Training LLM's is another story

  • Power consumption, utilizing solar or wind, maximal location.
  • Distributed computing software and clutering, MPI (Message Passing Interface). Using software such as TensorFlow Distributed, Spark or Cluster management software like Slurm or Torque. Petals, Horovod, a distributed training framework for libraries like TensorFlow, Keras, PyTorch, and Apache MXNet. Something like Kuberetes.
  • RAID 10 or RAID 6, mdadm

Example Builds

  • RAM: RDIMM, LRDIMM or UDIMM, 16x 128GB 3DS LRDIMM modules, total of 2TB RAM. Modules operate at 2400MHz
  • Storage: Any
  • PSU: Biggest, make sure quantity of connectors and compatible connectors, enough power and connectors for multiple GPUs. Corsair AX1600i (1600W, sufficient for multiple high-power GPUs).
  • EATX Case, just screw it down to something and earth it
  • Cooling: Custom liquid cooling loop to maintain optimal temperatures, to manage the heat output of multiple GPUs.

Multi-build clustering: hook them up in a conventional network and then utilize Distributed Computing Framework, install a chosen framework on each computer and configure it to recognize the other machines as part of the cluster. Allocate 1 machine as a NAS, a mobo with the most PCIe SATA expansion cards and onboard SATA. The other computers are about cpu, gpu cores and maxmimum vRAM.

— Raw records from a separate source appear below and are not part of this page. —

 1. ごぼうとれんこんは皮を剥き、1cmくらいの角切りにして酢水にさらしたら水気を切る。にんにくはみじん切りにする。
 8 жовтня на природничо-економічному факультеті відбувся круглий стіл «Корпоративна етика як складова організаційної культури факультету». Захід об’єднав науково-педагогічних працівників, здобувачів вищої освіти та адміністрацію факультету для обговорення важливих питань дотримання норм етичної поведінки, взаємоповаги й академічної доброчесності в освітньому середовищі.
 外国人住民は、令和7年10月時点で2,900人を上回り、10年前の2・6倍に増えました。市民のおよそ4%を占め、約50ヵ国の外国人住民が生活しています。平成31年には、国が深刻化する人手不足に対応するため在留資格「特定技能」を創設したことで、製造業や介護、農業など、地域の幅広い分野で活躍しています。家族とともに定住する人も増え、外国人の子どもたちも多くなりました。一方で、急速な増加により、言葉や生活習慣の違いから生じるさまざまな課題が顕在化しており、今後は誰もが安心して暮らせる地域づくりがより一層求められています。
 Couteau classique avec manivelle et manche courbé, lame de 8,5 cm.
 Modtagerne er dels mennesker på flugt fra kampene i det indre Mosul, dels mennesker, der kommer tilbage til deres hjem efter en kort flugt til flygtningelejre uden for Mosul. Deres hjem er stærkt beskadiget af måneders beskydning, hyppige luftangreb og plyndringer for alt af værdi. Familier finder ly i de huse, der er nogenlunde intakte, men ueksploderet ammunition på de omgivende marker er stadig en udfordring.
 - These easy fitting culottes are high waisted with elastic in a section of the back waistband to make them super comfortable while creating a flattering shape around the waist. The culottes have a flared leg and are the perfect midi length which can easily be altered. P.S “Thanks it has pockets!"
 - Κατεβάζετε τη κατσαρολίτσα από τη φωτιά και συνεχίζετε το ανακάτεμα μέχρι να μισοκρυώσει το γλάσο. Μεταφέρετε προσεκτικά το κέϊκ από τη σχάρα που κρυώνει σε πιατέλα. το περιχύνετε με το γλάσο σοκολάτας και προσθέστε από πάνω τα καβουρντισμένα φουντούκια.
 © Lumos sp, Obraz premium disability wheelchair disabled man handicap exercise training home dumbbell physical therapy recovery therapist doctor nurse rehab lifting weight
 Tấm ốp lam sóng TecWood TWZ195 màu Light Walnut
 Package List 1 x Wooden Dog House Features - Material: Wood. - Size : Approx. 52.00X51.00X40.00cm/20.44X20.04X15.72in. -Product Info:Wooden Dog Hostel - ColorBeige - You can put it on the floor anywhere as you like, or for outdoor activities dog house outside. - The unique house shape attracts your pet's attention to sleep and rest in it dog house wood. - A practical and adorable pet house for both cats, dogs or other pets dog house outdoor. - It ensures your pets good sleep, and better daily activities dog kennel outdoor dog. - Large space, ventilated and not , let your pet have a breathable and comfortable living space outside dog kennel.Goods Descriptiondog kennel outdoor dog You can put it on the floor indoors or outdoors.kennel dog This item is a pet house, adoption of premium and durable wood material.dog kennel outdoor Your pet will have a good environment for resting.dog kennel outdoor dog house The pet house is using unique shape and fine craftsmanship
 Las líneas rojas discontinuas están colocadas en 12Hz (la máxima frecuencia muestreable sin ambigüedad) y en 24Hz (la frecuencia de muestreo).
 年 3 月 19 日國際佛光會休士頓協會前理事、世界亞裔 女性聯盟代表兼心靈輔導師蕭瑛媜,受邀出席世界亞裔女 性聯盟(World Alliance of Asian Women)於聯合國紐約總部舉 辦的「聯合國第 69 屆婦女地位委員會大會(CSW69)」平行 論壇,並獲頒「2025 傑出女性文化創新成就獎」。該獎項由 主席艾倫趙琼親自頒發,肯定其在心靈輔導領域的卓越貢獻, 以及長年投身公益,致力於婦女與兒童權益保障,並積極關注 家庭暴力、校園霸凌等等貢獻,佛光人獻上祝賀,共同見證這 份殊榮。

When selecting graphics cards for running large language models (LLMs) locally, using multiple GPUs, there are several important features and specifications to consider:

  1. High VRAM: Aim for graphics cards with as much VRAM as possible. Since you're looking to run LLMs, more VRAM allows you to handle larger models and batch sizes.
  2. CUDA Cores / Tensor Cores: More CUDA cores generally mean better parallel processing capabilities. Tensor cores (found in NVIDIA’s RTX and Tesla series) are specifically designed for deep learning tasks and can significantly speed up model training and inference.
  3. NVLink Support: NVLink allows for high-bandwidth communication between GPUs, enabling efficient multi-GPU setups. This is crucial for model parallelism and reducing inter-GPU communication overhead.
  4. Multi-GPU Scalability: Ensure the graphics card and your system support multi-GPU configurations (e.g., via SLI, NVLink, or PCIe slots).
  5. FP16 / Mixed Precision Support: Cards that support FP16 or mixed precision calculations can provide significant performance boosts for deep learning tasks by using less memory and speeding up computations.
  6. Cooling System: Efficient cooling is essential to maintain performance and prevent thermal throttling, especially in multi-GPU setups.
  7. Driver and Software Support: Ensure the card is compatible with the deep learning frameworks you plan to use (e.g., PyTorch, TensorFlow) and that it has robust driver support.

Recommended GPU Models

  1. NVIDIA RTX 30 Series (e.g., RTX 3090, RTX 3080):
    1. High VRAM (e.g., 24GB on RTX 3090)
    2. Tensor cores for deep learning
    3. NVLink support (for RTX 3090)
  2. NVIDIA A100:
    1. Up to 80GB VRAM (in the PCIe version)
    2. Advanced tensor cores
    3. NVLink support
    4. Designed specifically for AI workloads
  3. NVIDIA Tesla V100:
    1. Up to 32GB VRAM
    2. Tensor cores
    3. NVLink support
  4. NVIDIA Quadro RTX 8000:
    1. 48GB VRAM
    2. Tensor cores
    3. NVLink support

In non-SXM2 form factors, specifically the PCIe form factor for NVIDIA GPUs, the card has a typical PCIe edge connector that slides into the PCIe slot on the motherboard (connector is the edge of the pcb that slides into the motherboard slot). For PCIe form factor GPUs to support NVLink, there is an additional edge connector located towards the top of the card. This additional connector is used to attach an NVLink or SLI bridge, which allows for high-speed communication between multiple GPUs.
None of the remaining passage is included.